The main power source is the PCI express slot. I can not use the permanent 3.3V, I need to use the 12V. Either I can find a suitable component which can accept 12V input or I need to use some kind of step-down from 12V to 5.5V (I added some extra headroom for LDO dropout, in case).
- Exar/MaxLinear XRP7714 is discarded because it has only 4 outputs, and would need extra components to get all the required voltages.
- Texas Instruments TPS65023 is discarded because it can provide less current, probably not enough to make a reasonable use of the FPGA.
- Dialog DA9062 has enough outputs, enough power (up to 8.5A combined), a good set of features (watchdog, RTC, timers, power on/off sequences, ...) and a very comprehensive documentation.
- Monolithic Power Systems MP5416 has one more LDO, very interesting power (approx 15A), with a lot of features (but no RTC).
- how many external components needed ?
- how easy to find and buy ?
- how cheap/expensive ?
MP5416 is nearly impossible to find.

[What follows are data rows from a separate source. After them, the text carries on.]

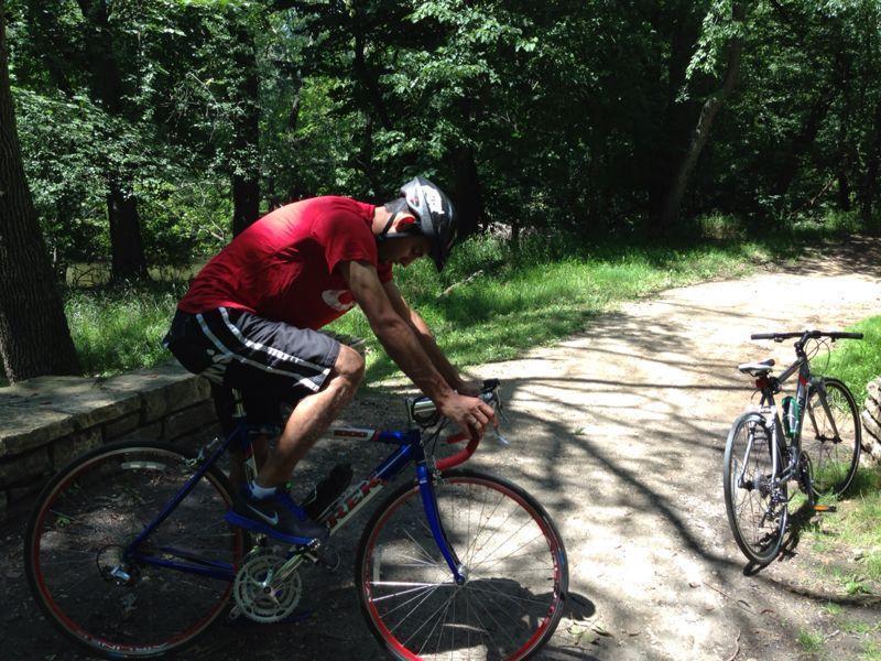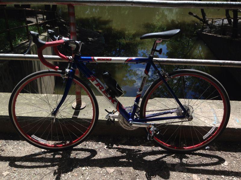 My husband and I had our road bike in the garage locked with another Schwinn hybrid bike in the covered parking lot at our Apartment complex called Hawthorne Apartments. There was a cable attached to the wall, which was attached to the bikes, which was locked with another kryptonite lock behind our parked car. We removed the original seat and put a ULTRACYCLE very soft seat. If you anyone sees something similar please tell us. It is so not fair that we worked so hard to buy our Trek and someone just stole it.
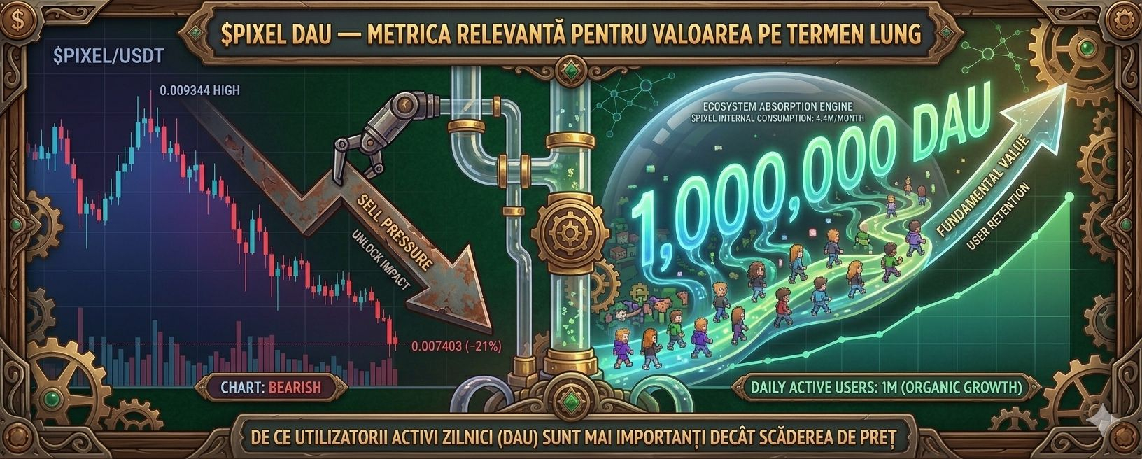 Pixels are 1 milion de utilizatori activi zilnic fara sa cheltuiasca bugete masive de marketing. creste organic prin mecanici de joc si comunitate. asta are valoare fundamentala reala independenta de pretul tokenului.
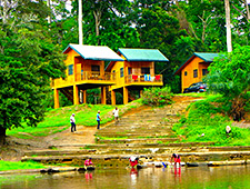 We vervoolgen onze tocht naar Ebogo, een 'ecologisch' dorp aan de rivier Nyong. We overnachten er in de ecochalets. We maken een prauwentocht op de rivier langs de mangrovebossen en gaan even aan land voor een wandeling tot aan de reuzachtige Kossipo boom. Terug aan de ecochalets bezoeken we een dorp en de velden van de Beti volkeren. Verschillende gewassen worden geteeld. De inwoners leggen ons uit hoe ze hun 'Vin de Palme' maken.
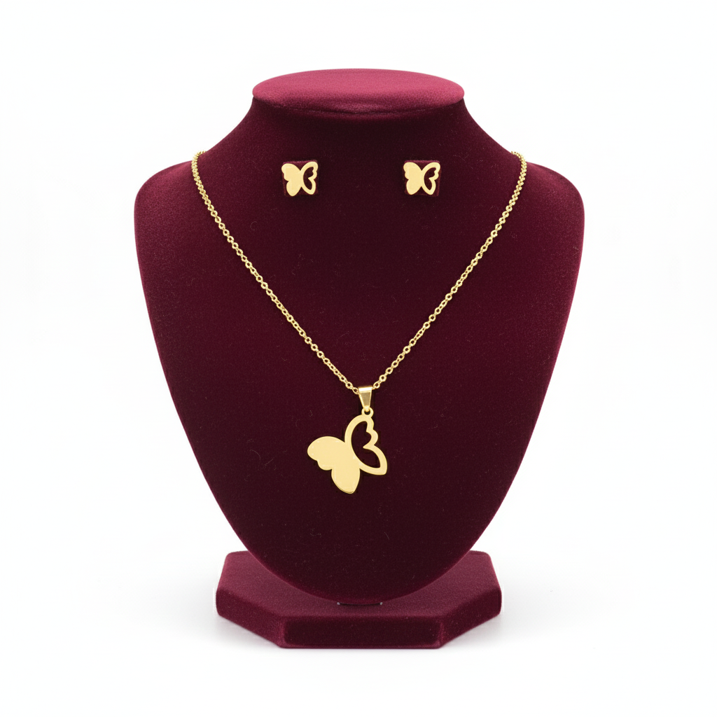 La bisutería fina se ha convertido en una de las mejores opciones para quienes buscan combinar estilo, elegancia y resistencia. Desde hace tiempo me he enamorado de los accesorios elaborados en acero inoxidable, y uno de mis favoritos es un set de aretes tipo topitos y collar con diseño de mariposa a media silueta, disponible en color dorado o plateado.
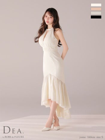 キャバドレス DEA.by ROBE de FLEURS ディア バストカット ウエストギャザー バックオープン オーガンジー サテン エレガント ホルターネック リボン Aラインロングドレス
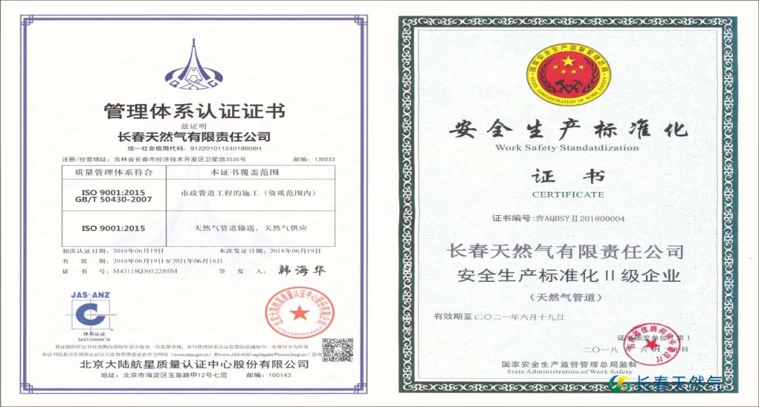 长天集团通过ISO9001质量管理体系认证和燃气行业二级安全生产标准化达标评审,集团质量管理体系达到国际标准要求,成为吉林省第一批通过二级安全生产标准化的企业。
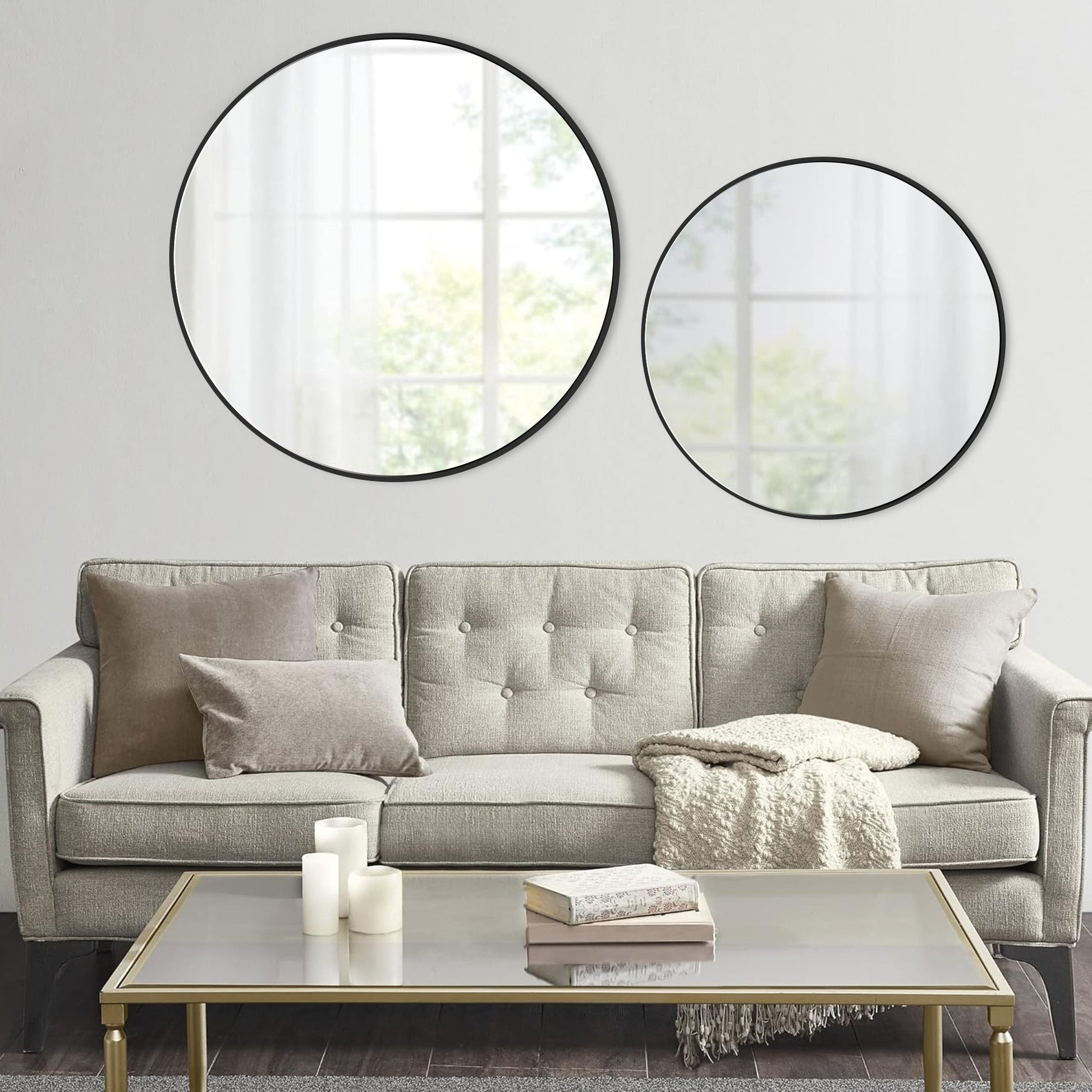 If you love the round mirror trend, and are looking for some inspiration - this is the best for you. The soft shape allows the eye to move effortlessly around the room and makes a statement all at the same time. Beautifully handcrafted, our round mirror for wall hanging is handcrafted with care and attention to detail and design. The round shape and the super-thin frame create a sense of solemn order, extending visually space, depth, and light. A round mirror is placed in the center, and the totals in the surrounding area help to accentuate the three dimensionality of the composition. The American Style Minimalist Bathroom Mirror reflects mottled light and shadow when illuminated, creating a dramatic three dimensional appearance. It adds a charming accent to your walls while serving as functional wall art, completing your modern, rustic, or farmhouse room decor.

Dialog DA9062 is not easy to find, but possible. That's also the PMIC used in Digilent's Arty A7 dev board.
h2. RAM
Storage¶
The RAM storage has to be inexpensive and high-density, it uses DDRx standard sticks, non-EEC.
The FPGA node is too compact and the form factor is not compatible with onboard standard DDRx RAM sticks. The RAM sticks are plugged on the backplane (or on dedicated RAM extension boards) and are accessed thru DMA channels with the PCI-express bus.
Local RAM¶
The FPGA node also has a DDR3 chip for temporary and intermediate values.
Network¶
RJ45 10/100/1000 ethernet¶
SFP+ module¶
Crypto¶
ATSHA or newer
Clocks¶
Watchdog, Brown-out, Reset and Power-On-Reset circuits¶
Fans¶
Fans are not connected or mounted on the node, but on the motherboard/backplane, to mutualize noise filtering and airflow efficiency.
Sensors¶
Power rails ampere-meters to measure the consumed power. Temperature sensor (thermistance).
It can be used with two goals :- measure the power efficiency (nb operations/second/watt)
- anticipate temperature raise to drive the fans
Connectors¶
- Standard PCIe v3.0 2x or 4x connector
- Standard ATX extra 12V 35W connector
- Maybe 3pins PWM FAN connector (FPGA and NIC)
The PCB¶
It has a PCI express connector, at least v3.0 and at least x2 to have a bandwidth compatible with a Gigabit ethernet bandwidth.
The FPGA node has to be compatible, at least in form factor, with a standard (micro)ATX motherboard in a 1U rack. Despite it would be theorically possible to connect it to a standard motherboard, I strongly discourage this. First, you would need a kernel driver to manage and communicate with the card, but the card would have full access to the whole hardware, including the northbridge and the RAM or the southbridge and the devices, bypassing the OS kernel.